6 comments on “I thought I knew how to add

  1. Michelle James on said:

    You are spot on. My children learned their math facts at an early age and math was never an issue for them. I played math games with them from about 2 years of age while riding in the car. (Joey and three of his friends are playing in the snow, and Billy’s mom call’s Billy in, how many are playing in the snow?) My oldest son majored in math and computer science in college, my middle son, described by his teachers as having a perfect math mind, became an architect, and my youngest son is a mechanical engineer – all with advanced degrees in their subject areas. They started by learning their math facts – boring as it may be to memorize. I truly don’t know why we have to mess with what works. Some schools have even dropped cursive writing from their curriculums.

    • Julie Farley on said:

      Thanks for your comment, Michelle! I completely agree. It’s such an important issue to me. I realize what’s happening and can help my kids. There are a lot of other parents who are trusting schools to teach them the right things and that’s not always happening.

  2. Bob Olsen on said:

    I have to agree with you. I believe the” old way” is the right way. Kids should learn their math facts. I would call the ” new method” a strategy for those who can’t remember the math facts, they should have been memorizing in the first place. I will ask my daughters about it since between the two of them they have 4 in elementary right now.

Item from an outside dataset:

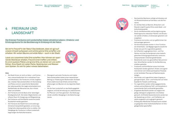Eine wichtige Forderung der Kinder und Jugendlichen für die Räumliche Entwicklung der Stadt Kriens ist die Schaffung zusätzlicher Natur- und Grünräume. Das so wollen die Kinder und Jugendlichen mehr Bäume und Natur in der Stadt und einen visuell ansprechenden, vielfarbigen und bunten Stadtraum.
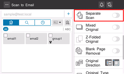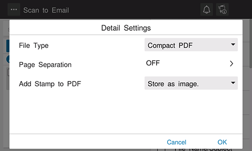 [Page Separation] | When you want to separate a file for each page while the original consists of multiple pages, set [Page Separation] to ON. This is not available when [File Type] is set to [JPEG]. All pages are separated.

  3. Dianne Mallory-Coble on said:

    Julie, thanks for reaching out to me and inviting me to check out your blog. First, I admire your discipline to even have a blog. Second, I enjoyed your refreshing way of sharing your stories.

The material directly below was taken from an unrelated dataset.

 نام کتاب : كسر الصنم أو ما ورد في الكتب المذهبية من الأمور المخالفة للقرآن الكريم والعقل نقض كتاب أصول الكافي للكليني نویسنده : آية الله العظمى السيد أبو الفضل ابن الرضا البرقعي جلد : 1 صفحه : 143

    Anyway, what you wrote about how your children were learning to add made me very curious. Just as you said, and I agree, much has changed in our classrooms over both short and longer periods of time.

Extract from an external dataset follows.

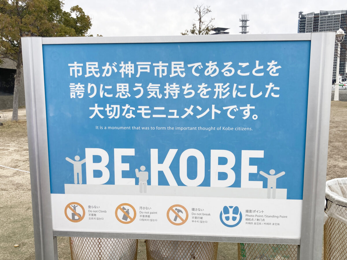 メリケンパークに設置されている『BE KOBE』モニュメントの補修工事が早くも終わってます。
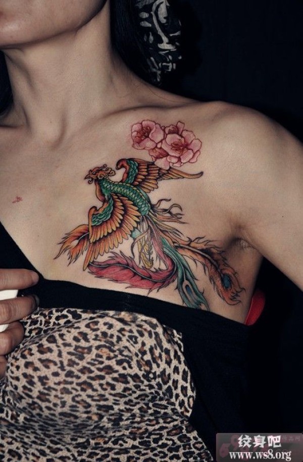 女生胸前火凤凰纹身图案图案_凤凰纹身图案大全_纹身图吧

    One of my values, as a candidate and if elected as a school board member, is to be knowledgeable and to share what I learn with our community. So, I took advantage of an opportunity I had when visiting one of the our Midlothian elementary schools today. I asked the principal about how your young children were being taught how to add and subtract using ‘doubles’. I also checked with my daughter, who is doing her student teaching and who will be endorsed to teach K through 12. While they both answered in different ways, they both said that way of teaching adding and subtraction was one of several instructional strategies to teach young children how to do the math operations of adding and subtracting. So, what I gathered is that ‘double’ is one of a number of ways children are taught to add and subtract. I wonder what other strategies are being used at your school, too?

    Just as you described the wonderful teachers at your children’s school, I saw many wonderful teachers (and administrators) at the four Midlothian schools I saw today. Our school system is worth making the highest investment we can.

    Julie, thanks for making me do some research in order to some information about your observation regarding how your children are learning. You helped me to become more knowledgeable.

  4. Liz Dorneman on said:

    Julie —

    great point. I’ve been saying this for awhile now — as you know, I have a 15 yr old that memorized math facts, so did the 12 year old for the early years – although now she is being confused with new strategies. My 8 year old, 2nd grade, is learning this. He is a great math thinker. He gets it. BUT — it takes longer to do it this way — he only “gets” it because he already multiplies and divides. He learned very early his facts by good old memorizing and well, numbers are just his thing. But I cannot help when he has to “show his work” anymore. When it’s wrong, I don’t know. I’m all for modern times, but I also believe a bit of old school ways are better — I’m pretty decent at math, and I certainly just memorized!! Thanks for bringing this up.

    • Julie Farley on said:

      Liz, One of mine, Ethan, is the same way. He counts by 13s, multiplies etc. It doesn’t matter how he does it…he can do it. And you are so right, they get the new way ONLY because they can do the other things. For others who do not have their facts down, the new way is very difficult. Thanks for weighing in, Liz!